Friday, November 27, 2009

If you think Obama is falling short, read this...

"Candid Camera Moments" [Victor Davis Hanson via NRO] :

There are a number of isolated incidents that, in the great scheme of things, should be seen as rather trivial. But they are gaining symbolic importance, which is working against President Obama.

While the president is sermonizing on global warming in connection with his Asian tour and the visit of India's head of state, we get the release of hacked emails from the British climate research center that seem to make a mockery of the entire climate-change debate — reducing it to the nasty level of academic infighting, fraud, and con games that we have become accustomed to in the postmodern Western university. At a time when the president is asserting the need for radical changes in our lives, the "science" that he once insisted would be the cornerstone of his new administration, appears shaky at best, and at worst a sort of 19th-century phrenology.

Bowing should not matter either. Obama did not bow to the Queen of England, but rather sent her I-pod photos of himself; yet he did kowtow to a Saudi royal, a Japanese emperor, and now a Chinese head of state. Like it or not, the image conveyed is that an American president defers to non-Western royalty and grandees in a way that is supposed to suggest, in symbolic fashion, that America is just one of many countries, without much exceptional about it and without much of an affinity for the West.

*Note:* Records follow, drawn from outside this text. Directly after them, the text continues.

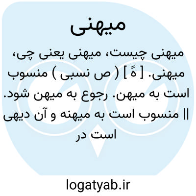 میهنی. [ هََ ] ( ص نسبی ) منسوب است به میهن. رجوع به میهن شود. || منسوب است به میهنه و آن دیهی است در خراسان و زادگاه شیخ ابوسعید ابوالخیر باشد. ( از یادداشت مؤلف ). منسوب است به میهنه که از قراء خابران از نواحی سرخس باشد. ( از لباب الانساب ).
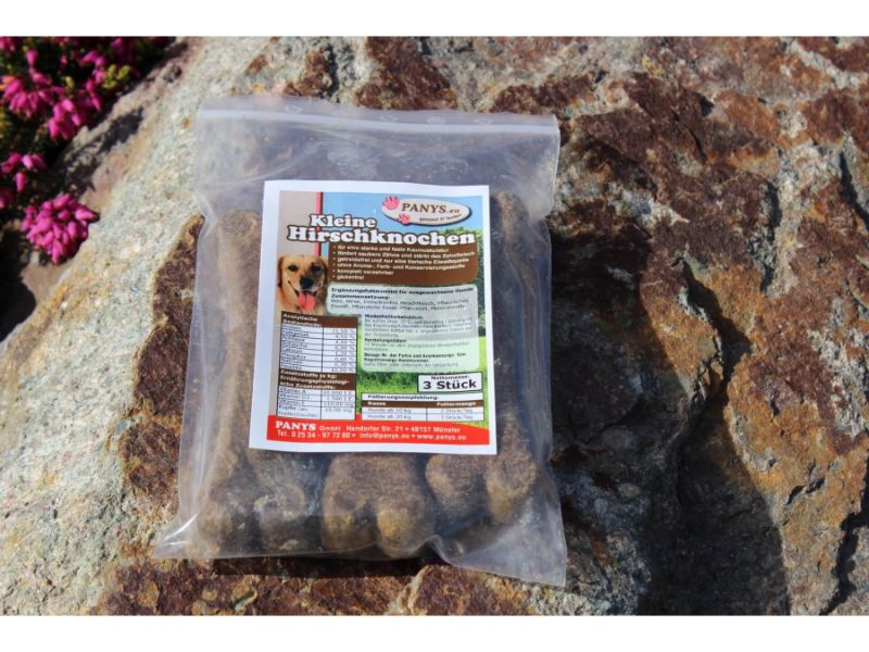 PANYS kleine Hirschknochen gibt es im praktischen wieder erschließbaren Beutel. Drei kleine Hirschknochen pro Verpackungseinheit.
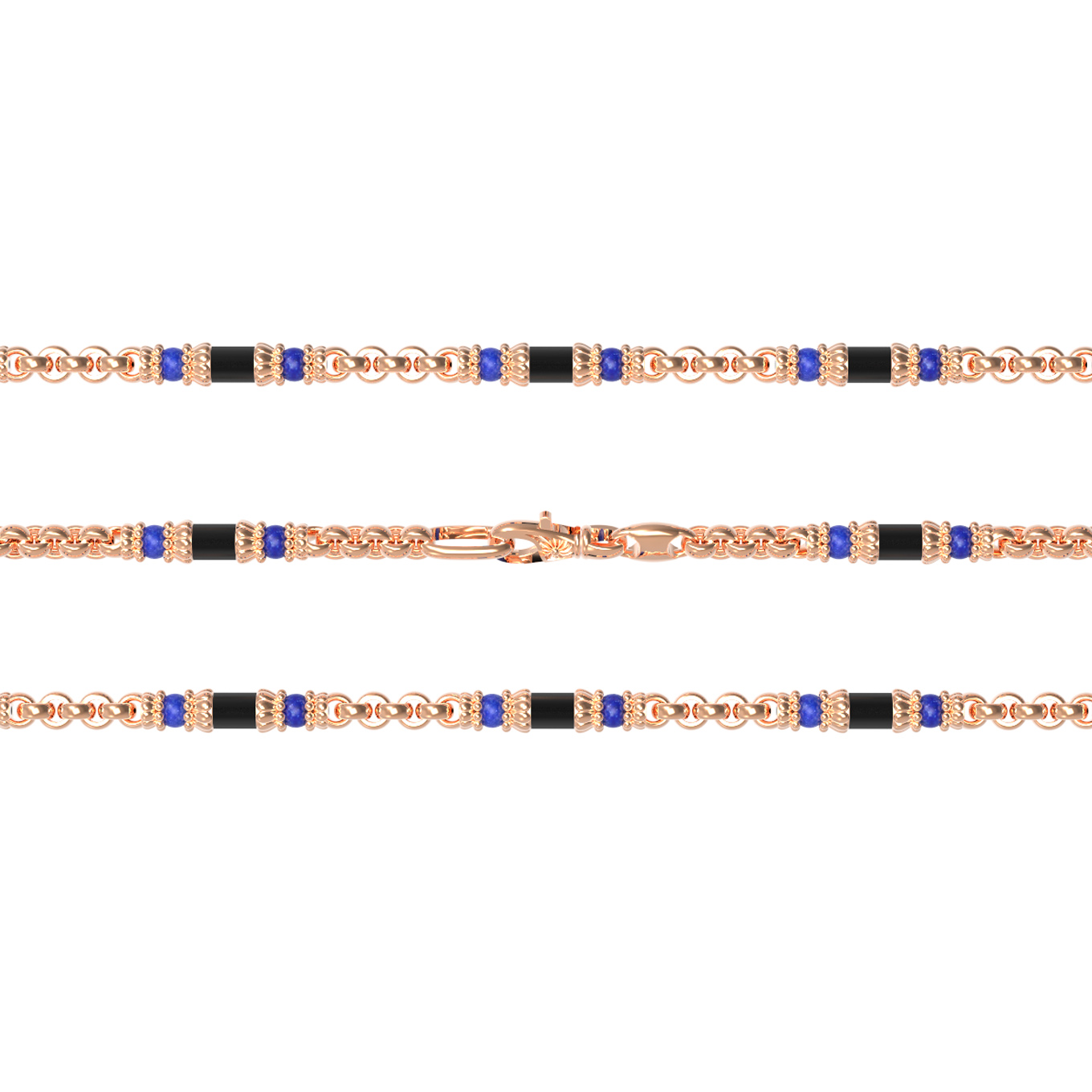 • Цепь из лимонного золота c ониксом и лазуритом

If multilateralism was the objective, it came out instead as obsequious deference. Whereas Bush's backrubs and Carter's frontal kisses were reflective of American casualness and too much informality, the bowing seems for some reason a far more bothersome gaffe. And as with Obama's apologies, what we thought was a one-time slip turns out to be a systematic pattern that reflects an apparent worldview.

Then there were the ACORN videos. These 60 Minutes–like gotcha clips should not have been that much of a big deal either — except that two aspects of the ACORN story resonated deeply. (1) Community organizing seems like a cynical, sordid business. (2) At a time when the country is broke and big taxes are on the horizon, criminally-minded organizations for some reason have no problem garnering millions in federal dollars.

Again, in all these incidents, there is a certain roughness and crassness that infuriates the public — e-mails nearly rejoicing over the death of a climate-change-skeptic, an obsequious president bowing before autocrats like the Chinese and Saudis, and community organizers gleefully offering advice on child prostitution.

Obama's numbers are sinking, of course, because campaign rhetoric is always easier that real governance, and his liberal agenda of nationalization, the federalization of health care, cap-and-trade, higher taxes, and mega-deficits consistently meets with hostility in public-opinion surveys.

So far, the affability of the president has offset the unpopularity of his agenda and kept his positive ratings between 45 percent and 55 percent in various polls. But when the public gets a whiff of the nasty fraudulence of the global-warming cadre, the Chicago-style villainy of ACORN, and reset-button diplomacy reduced to photogenic groveling, it hurts the president where he needs to be the strongest — if he is to push America hard to the left, where it doesn't seem to wish to go.